Mavis Cheek blog tour

As you all know, bookshops are my first love, but every now and then a book catches my attention too.

Mavis Cheek is an author I'm often told I should read but haven't quite managed to yet, so when I was given the opportunity to welcome her as part of her blog tour I jumped at the chance: What better way to decide about reading a book than by finding out how they feel about bookshops?

Please tell me about you as a bookshopper. Do you have a favourite section to browse in when you are in a bookshop? And are you a one-book buyer or someone who comes away over-laden?
I'm an eye-rover – just letting my gaze wander over the shelves – pretty well always contemporary fiction – and picking out things that interest me – often by title, sometimes by jacket, and, of course, by writers I've enjoyed before. I LOVE the process and generally I'll buy two or three – no more than that – and one sometimes. I'm so aware of books sitting stacked up next to the bedside lamp so I try to keep it reasonable.

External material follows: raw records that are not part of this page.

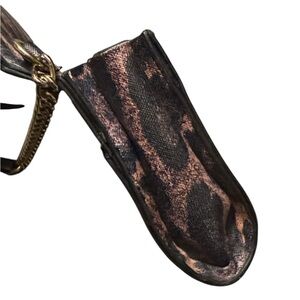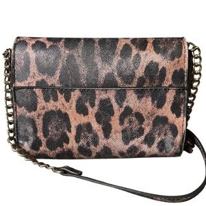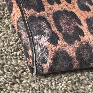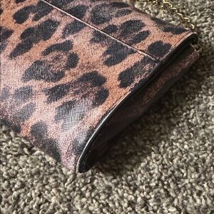 Stylish leopard print clutch featuring a gold zipper. Perfect for a night out. 7.25”(L) x 6”(H)
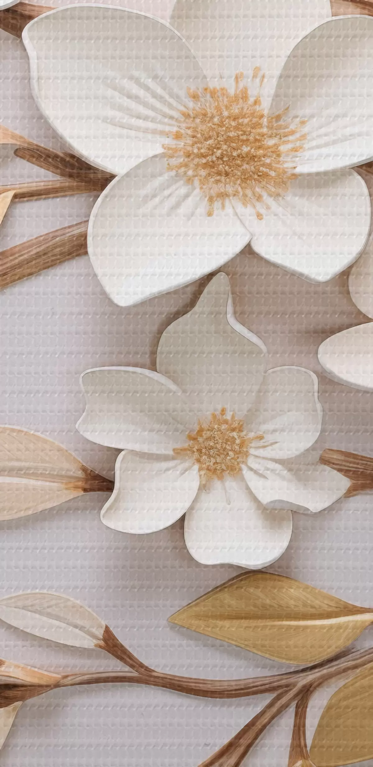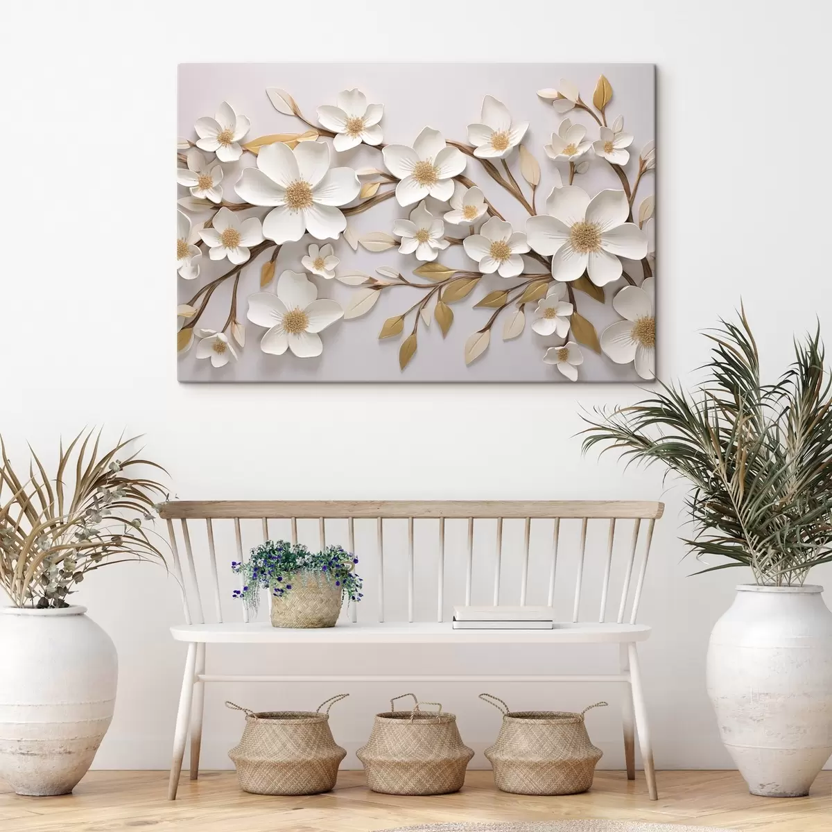 Tableau Fleurs blanches dans le style d'une fresque en relief avec des accents jaunes Nr s43331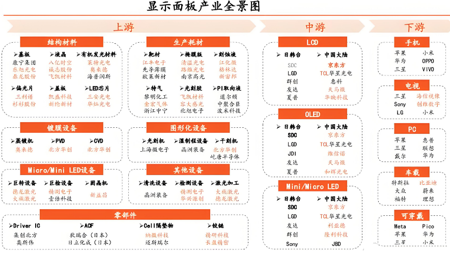 全球液晶面板市场已形成“中国大陆主导产能、韩国专精OLED、日本把控设备材料”的三极格局。中国大陆企业以京东方、TCL华星、惠科等为代表,通过高世代线布局与产能扩张,在LCD领域形成绝对优势,覆盖从电视到车载显示的全场景需求,并通过“面板 + 系统”的垂直整合模式,在商用显示、智能会议等新兴领域快速建立壁垒。韩国企业三星、LG等逐步退出LCD市场,将重心转向OLED技术,三星通过蒸镀工艺优化与柔性基板国产化,推动折叠屏手机、车载柔性显示等高端应用落地;LG则通过增资扩产强化IT领域OLED面板的竞争力,试图在中小尺寸市场开辟新增长极。日本企业虽在面板制造环节逐渐失去优势,但在核心材料和关键设备领域具有不可替代的地位,如康宁、Anvik等企业在玻璃基板、制造装备等方面具有强大的技术实力和市场影响力。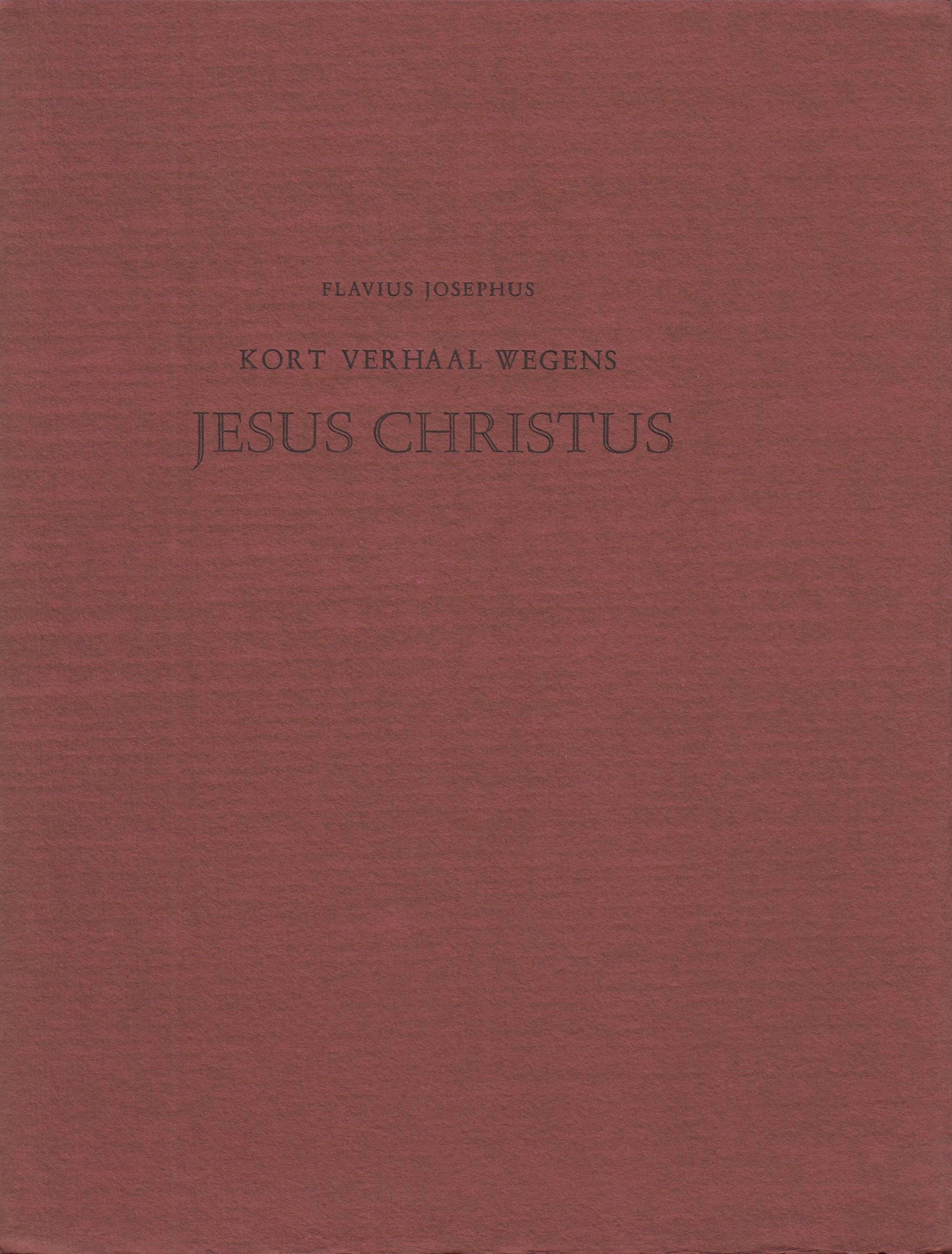 18. FLAVIUS JOSEPHUS Kort verhaal wegens Jesus Christus. Haarlem, Carlinapers, 1978. 20,2 x 15,5 cm. Cahiersteek met omslag. (12) p. Met de hand gezet en gedrukt in een oplage van 12 genummerde exemplaren.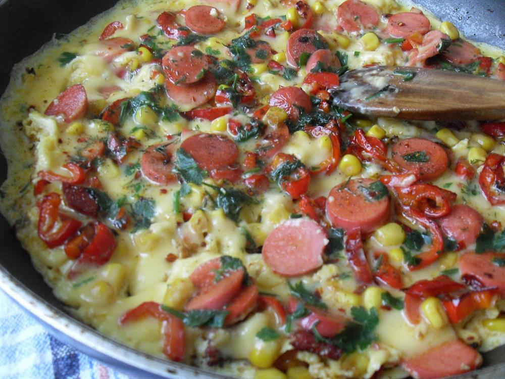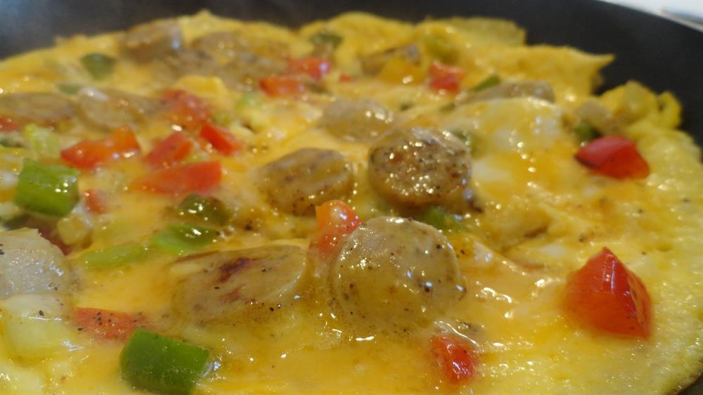 Patatesleri ince ince doğrayın ve sucukları kızartın. Küçük boy bir tavada tereyağını eritin ve ardından sucukları ilave edin. İki yüzünü de ayrı ayrı kızarttığınız sucukları kısık ateşte beklemeye bırakın. Bir başka yerde yumurtaları çırpın ve içine tuz ve karabiber ilave edin.Yumurta karışımını kısık ateşte bekleyen sucukların üzerine ilave edin. Yumurtayı pişmeye bırakın ve son olarak rende kaşarları ekleyin; yumurta tavanızın kapağını kapatın ve kaşarlar eriyinceye kadar yaklaşık 5 dakika pişirin.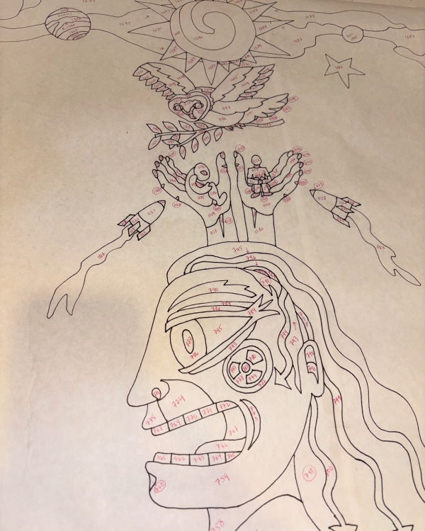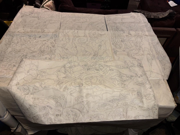 Meanwhile, at home, I finished drawing the big piece…added that target and a few other things.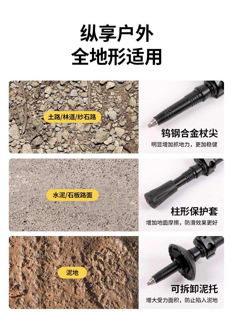 新款现货登山杖碳纤维伸缩手杖徒步爬山杖三节轻量外锁伸缩杆支架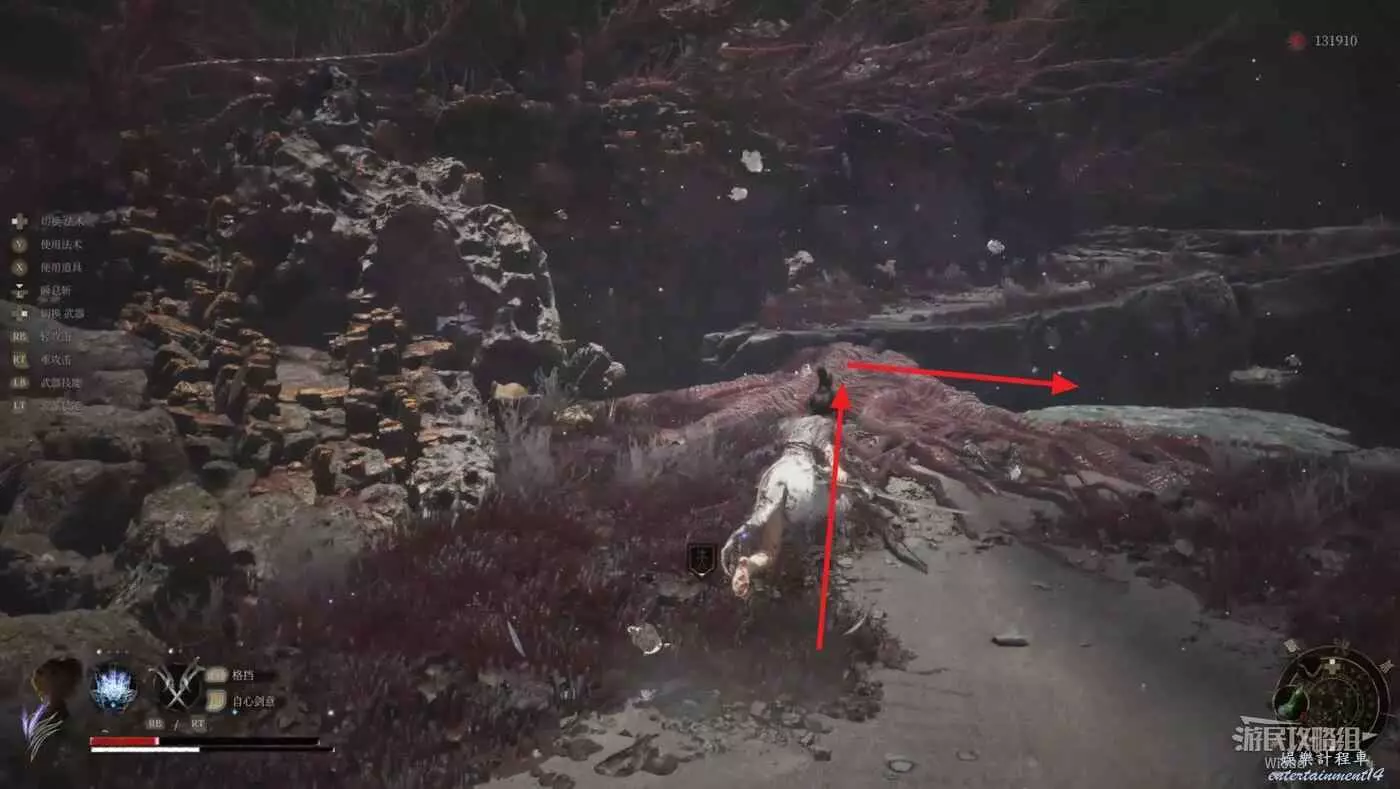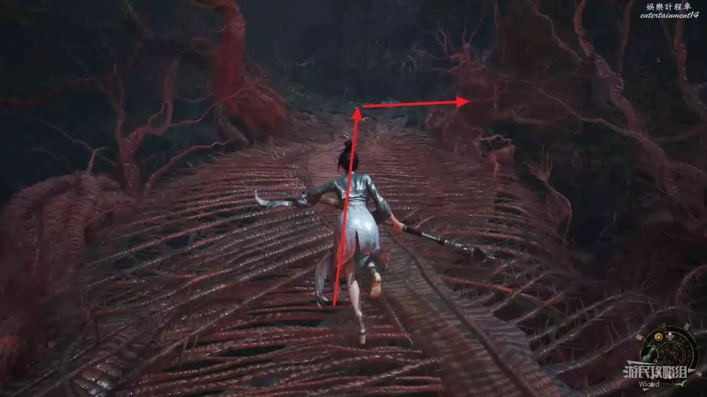 頂部先沿著左側斜坡上去再往右走,與機關互動,開啟通往之前區域的近路後,沿著下圖路線通過隱形橋然後往右走。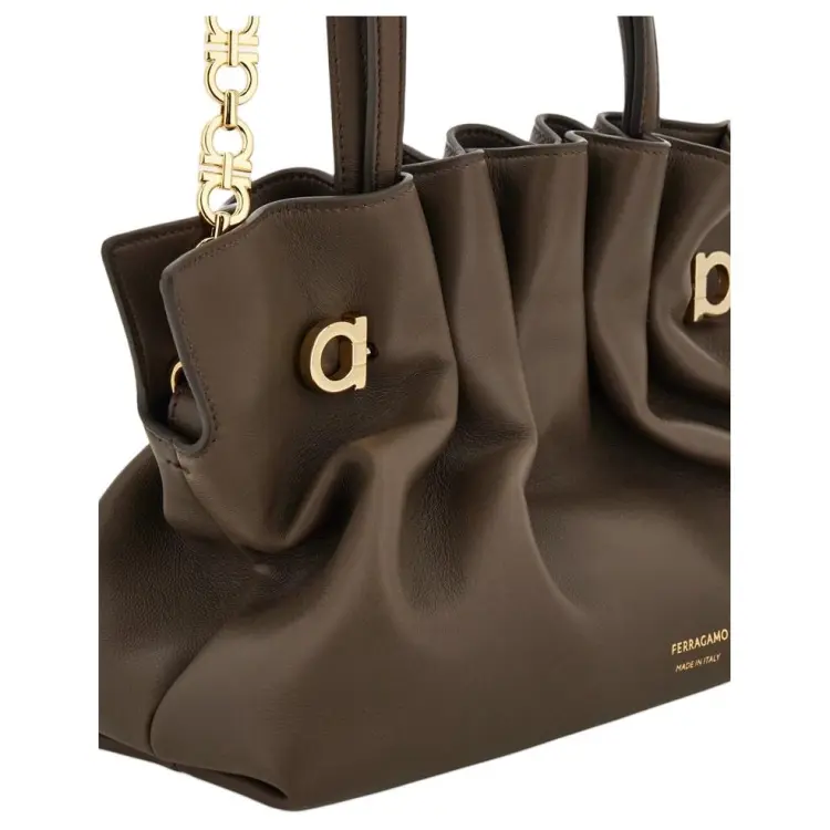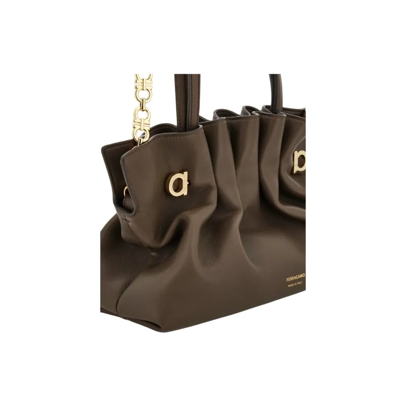 Ferragamo Lambskin Плечевая сумка Маленькая Женская Бетонно-серый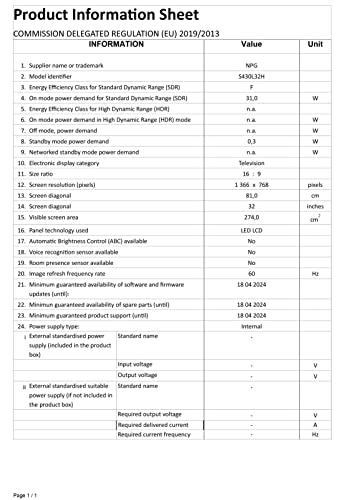 32 inch HD TV 720p NPG Smart TV Android 9.0 DVB-T2 (H.265), DVB-T HD (H.264), DVB-T SD (MPEG-2), DVB-C resolutie: 1366 × 768 HD 720p Aspect verhouding 16:9 | koelvermogen 60Hz | Contrast 40000000000 0:1 | Kijkhoek: 176H/176V | Helderheid 200cd/m²±10% | Reactietijd: 10ms Connectiviteit: Geïntegreerde WLAN 2.4G 802.11b/g/n, Ethernet-verbinding 10M/100M Aansluitingen: RJ45x1, VGAx1, AV in x1, RF 1, OPTical Out x1, HDMI x3, USB x2, PC Audio IN, mini YPbpr x1, oortelefoon x1, CI x1, stereogeluid 10Wx2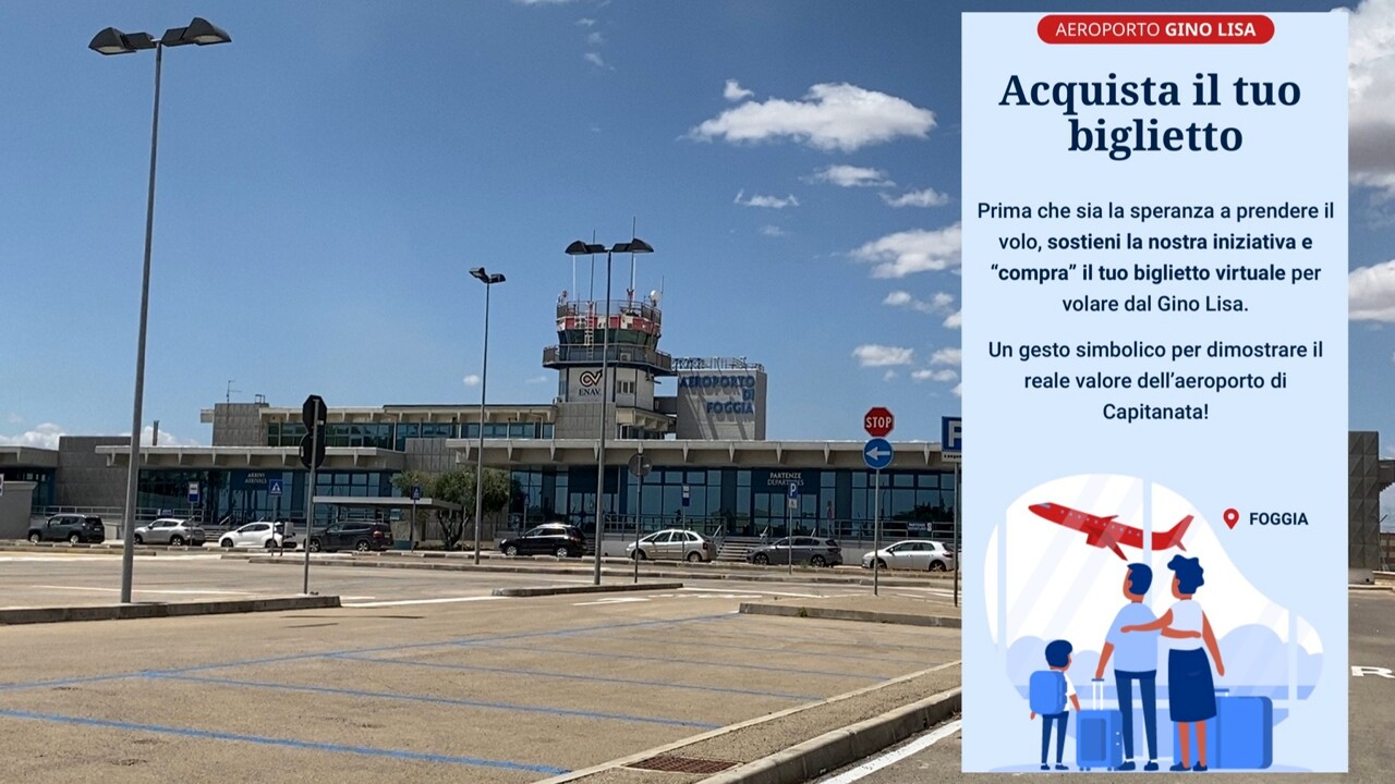 E così rivolge una semplice domanda ai suoi concittadini e a tutti coloro che credono nello sviluppo dell’aeroporto di Foggia: “Se poteste partire in questo momento prenotando un volo dal Gino Lisa, dove andreste?”. Il sito, semplice e intuitivo, è la sua chiamata all’azione, “prima che sia la speranza a prendere il volo”. Si può simulare un volo dal Gino Lisa scegliendo la destinazione tra Amsterdam, Barcellona, Berlino, Budapest, Copenaghen, Firenze, Francoforte, Lisbona, Londra, Milano, Napoli, Palermo, Parigi, Roma, Torino, Treviso e Valencia.

How did you feel when you saw your own first book in a bookshop? Can you remember which bookshop it was? Did you buy the book?The biggest thrill in the whole wide world for an author is that moment when they see their first baby sitting up in a bookshop and in my case it was right in the bookshop window – my dear friend Fred Engel (ex-South African, now back in Cape Town with the best bookshop over there) who ran Fountain Bookshop in Chiswick – gave it pride of place. But it was also there in pretty well every bookshop I went into and I couldn't believe it. I used to slip in and just gaze at it.

No – I've never bought one of my own books, not even from a charity shop. Though I have volunteered to sign them which is always accepted – it's nice to do it.

If one of your characters was to open a bookshop, who would it be and what would their bookshop be like? 
In Getting Back Brahms you'll find the heroine, Diana, runs a bookshop – which one of the characters calls 'dinky' and 'sells everything', but I'm not sure it's an ideal bookshop it just fitted the story. I hope you enjoy it.

What was the inspiration for the character and/or book featuring a bookshop? Please tell me a little more.
Well - it's quite hard to find jobs for heroines, I find I don't know enough about things like banking or media support or technology to make it seems convincing – and so many women work in these jobs – but I do know a fair few women who have their own small businesses so I've done that a few times – a framers, a bookshop, a beauty parlour. 

I suppose life in a call centre would feature as one of the jobs (young) women do – and teaching, of course. I had an architected in the background in Patrick Parker's Progress but it is important to find a life for your main character -– after all she has to pay the bills, clothe and feed herself, her family if she has one – and I'm keen to keep my heroines authentically like the women I know, who are teachers, and all of the above.

You've written a lot of books, and most bookshops need to prioritise their shelf space. Which one of your earlier titles would you particularly like to see bookshops paying more attention to and why?Without a doubt it would be number three Dog Days, or number four Janice Gentle Gets Sexy.

DogDays because by the third novel I had learned how to do what the Americans call 'English screwball comedy' pretty well and applied it to something very difficult – divorce – and made it work. And number four because that was the transition novel where I wrote my first more serious (though comedic) novel – with subplots and fleshed out characters (as opposed to what E M Forster called 'flat characters') and satire all combined – and, mark you, had a heroine who was a good size sixteen at the start of the novel and hadn't shed a pound by the end of it, and she was still the romantic heroine. So those two, please.

Generally – because we are re-issuing some of my earlier titles in e-books – I've re-read them and I have to say that though I was nervous at first thinking I might cringe a bit, I enjoyed going back to them. I think dare I say it (yes, yes) they have stood the test of time quite well. I hope you agree when you try out your first.


Thank you Mavis, for stopping by The bookshop around the corner. Obviously I'm very biased towards real-world bookshops, so – while I wish them every success – I won't be linking to the newly released ebooks, however you can support a bookshop and buy copies of Mavis' books on Hive or you can find out more at www.mavischeek.co.uk.

As part of her blog tour, Mavis yesterday stopped at The Writes of Woman, where you can find out more about the re-released Dog Days. She'll also be visiting Debra's Book Cafe, Annabel's House of Books and Nut Press over the coming days.

Posted: 16th May, 2016

2 comments:

  1. I love how restrained Mavis is when she goes book browsing... I need to start restricting myself to 1 - 3 purchases before the house gets even more overwhelmed by books than it already is!